INSTRUCTIONS TO FOLLOW »
Give again, word for word, the lines below that run from the line with "The Final Countdown, Rock" through the line with "При цьому півтора". Drop the pictures.

EXERCISE INPUT »
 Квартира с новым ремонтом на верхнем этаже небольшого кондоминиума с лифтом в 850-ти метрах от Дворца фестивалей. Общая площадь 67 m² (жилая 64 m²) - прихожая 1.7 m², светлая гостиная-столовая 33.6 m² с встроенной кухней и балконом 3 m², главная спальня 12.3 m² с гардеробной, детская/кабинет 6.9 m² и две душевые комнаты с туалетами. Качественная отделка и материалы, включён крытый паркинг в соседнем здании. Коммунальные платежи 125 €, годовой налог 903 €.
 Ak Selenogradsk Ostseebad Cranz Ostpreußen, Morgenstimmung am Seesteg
---
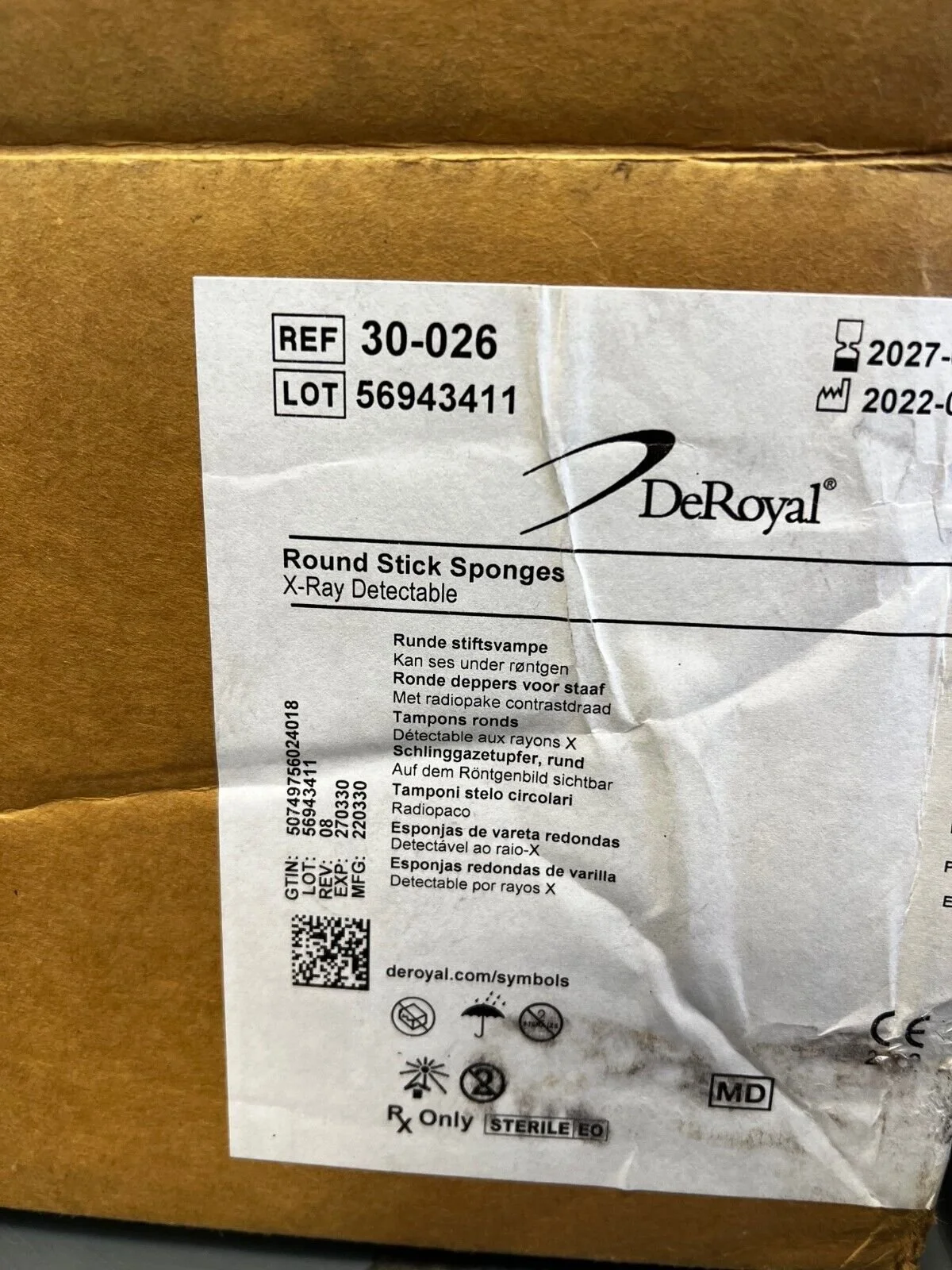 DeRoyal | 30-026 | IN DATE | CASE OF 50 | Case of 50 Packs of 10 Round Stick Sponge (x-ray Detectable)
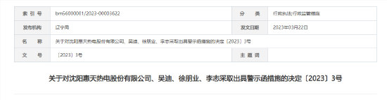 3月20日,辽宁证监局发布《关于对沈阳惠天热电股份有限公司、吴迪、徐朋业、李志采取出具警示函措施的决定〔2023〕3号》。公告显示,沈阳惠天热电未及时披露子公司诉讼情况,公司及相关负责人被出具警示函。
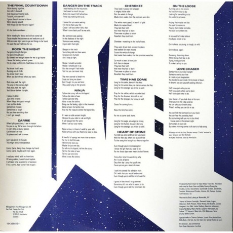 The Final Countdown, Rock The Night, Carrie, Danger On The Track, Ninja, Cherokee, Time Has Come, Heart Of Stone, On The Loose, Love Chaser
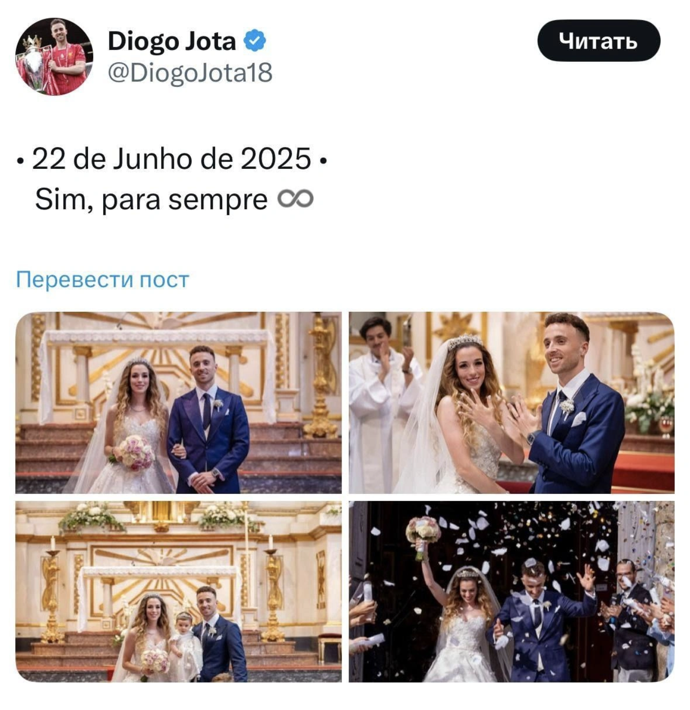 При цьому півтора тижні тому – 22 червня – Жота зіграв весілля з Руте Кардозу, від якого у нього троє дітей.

ANSWER SECTION »
 The Final Countdown, Rock The Night, Carrie, Danger On The Track, Ninja, Cherokee, Time Has Come, Heart Of Stone, On The Loose, Love Chaser
 При цьому півтора тижні тому – 22 червня – Жота зіграв весілля з Руте Кардозу, від якого у нього троє дітей.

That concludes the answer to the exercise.